One primary question focuses on the extent of the president’s power to modify or reduce the areas of national monuments once they have been established. At the ELI seminar, panelist Wood highlighted the difference between a national monument, which is created and modified at the discretion of the president, and a national park, which is established through an act of Congress and, therefore, “requires compromise and consensus.” Whereas a national park can only be undone through the same process in which they were created, Wood argued that because “Monuments are unilateral, at the absolute discretion of a single person, who may have no democratic constraints whatsoever,” they can similarly be reduced unilaterally.

Others disagree, arguing that Congress granted narrow authority to the president to create national monuments and retained for itself the right to modify or reduce them. Historically, a 1938 Attorney General opinion, as well as a more recent 2017 comment letter to the U.S. Department of the Interior by 121 legal scholars, both support this view. Reinforcing this point, Professor Squillace cited the Property Clause of the U.S. Constitution (Art. IV, §3, cl. 2) as evidence that Congress retains, by default, authority over all public lands.
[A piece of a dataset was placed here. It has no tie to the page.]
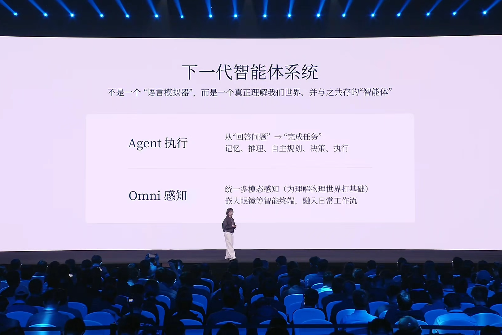 这种智能体需要具备两个潜能,一是“Agent执行”,从“回答问题”到“完成任务”,具有记忆、推理、自主策划、决策、执行等能力,二是具备“Omni感知能力”,要有统一多模态感知,为理解物理世界打基础,有了这一基础后,可以无缝嵌入眼镜等智能终端,融入日常工作流。
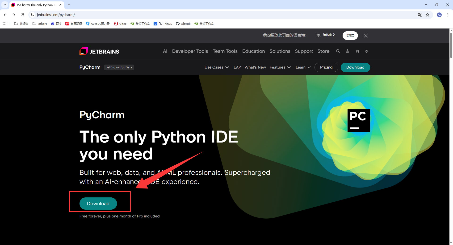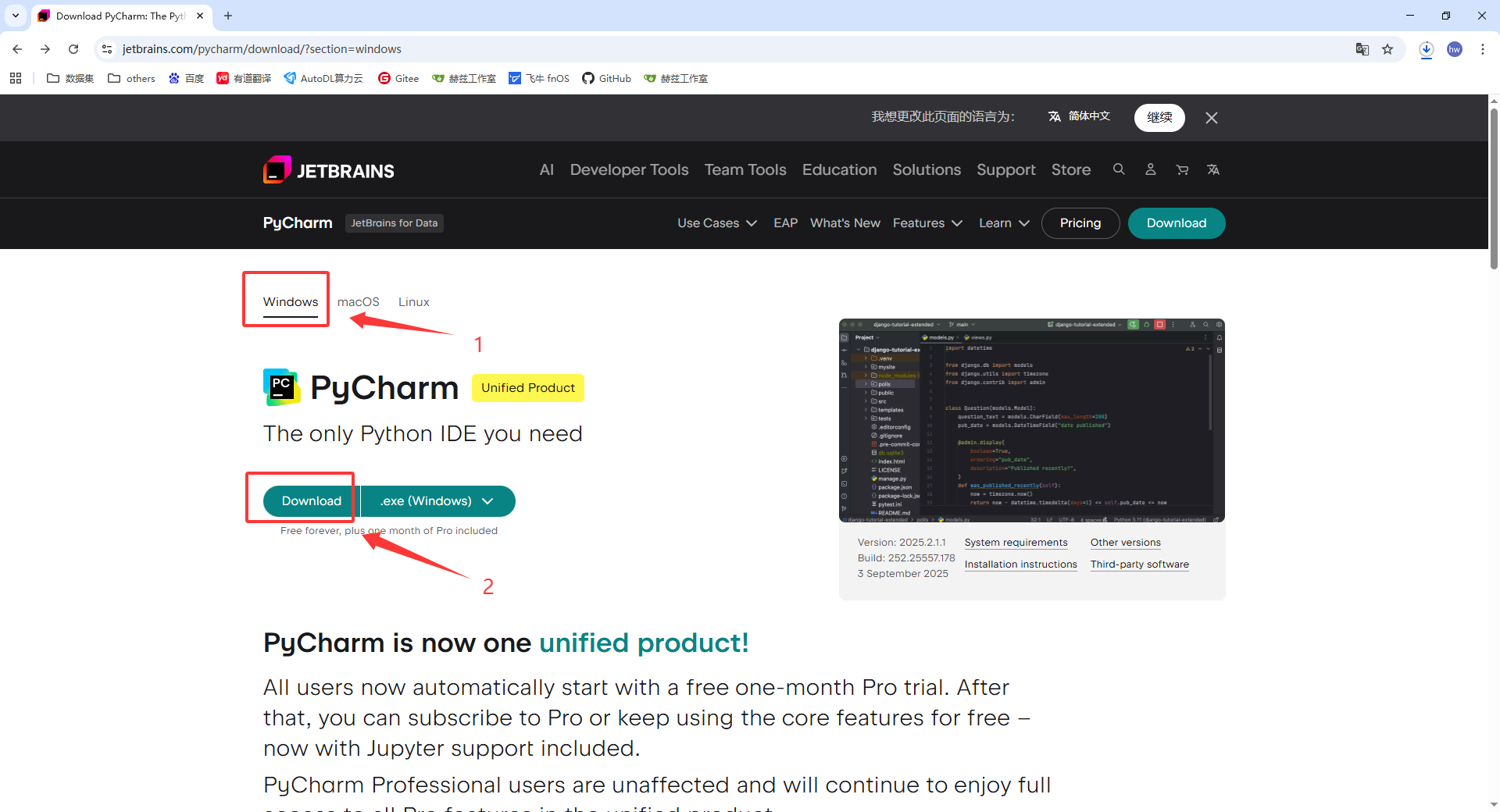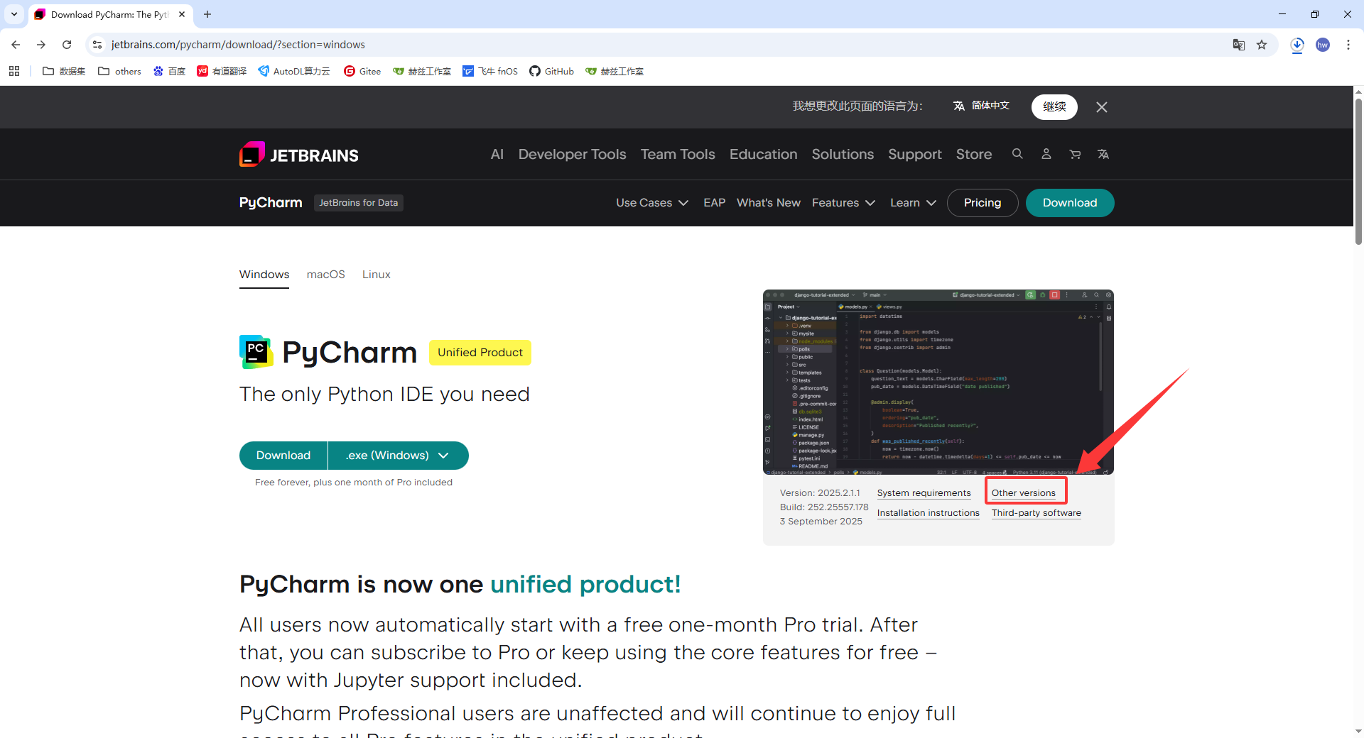 - 打开浏览器,访问 PyCharm 官网:PyCharm官网下载链接

Past modifications of national monuments add further intrigue to an already complex federal land use law issue. Presidents William Howard Taft, Calvin Coolidge, Franklin Roosevelt, Harry Truman, Dwight Eisenhower, and John F. Kennedy have each reduced national monuments, uncontested by both courts and, more broadly, the court of public opinion. With over half a century since the last reduction, and in light of the unrivaled scale of President Trump’s reductions, Mallory and many others argue that such previous actions do not provide adequate basis for comparison.

Another question regards which objects are eligible to be protected under the Antiquities Act. In addition to archaeological sites, cultural artifacts, and geographic formations, national monuments have been created to protect various animal and insect species, recreational opportunities, and scenic values. Some argue that President Trump’s proposed reductions negate imperative protections for these objects, and are therefore incompatible with the Antiquities Act. Secretary Zinke, however, has previously disparaged the preservation of abstract objects such as “stars, biological diversity, remoteness, [and] emptiness.” Zinke focuses on language in the Act calling for the “smallest area compatible” for protecting objects.

Several pieces of legislation have been introduced attempting to clarify the legal ambiguities highlighted here. In the Senate, Sen. Lisa Murkowski (R-Alaska) introduced the Improved National Monument Designation Process Act (S. 437), which would heighten the power of Congress to limit the president’s national monument designations. In the House, proposed bills include the National Monument Creation and Protection Act (H.R. 3990), introduced by Rep. Rob Bishop (R-Utah); the Grand Staircase Escalante Enhancement Act (H.R. 4558), introduced by Rep. Chris Stewart (R-Utah); and the Shash Jaa National Monument and Indian Creek National Monument Act (H.R. 4532), introduced by Rep. John R Curtis (R-Utah).

In the upcoming new year, the Antiquities Act and its implementation faces a crossroads. With pending lawsuits and the uncertain procession of various pieces of legislation, the capacity and use of this Act moving forward remains to be seen. This crossroads may well come to define federal land use law in the United States for the next century, with potential lasting effects on the future use and implementation of the Antiquities Act and the establishment and moderation of national monuments across the United States.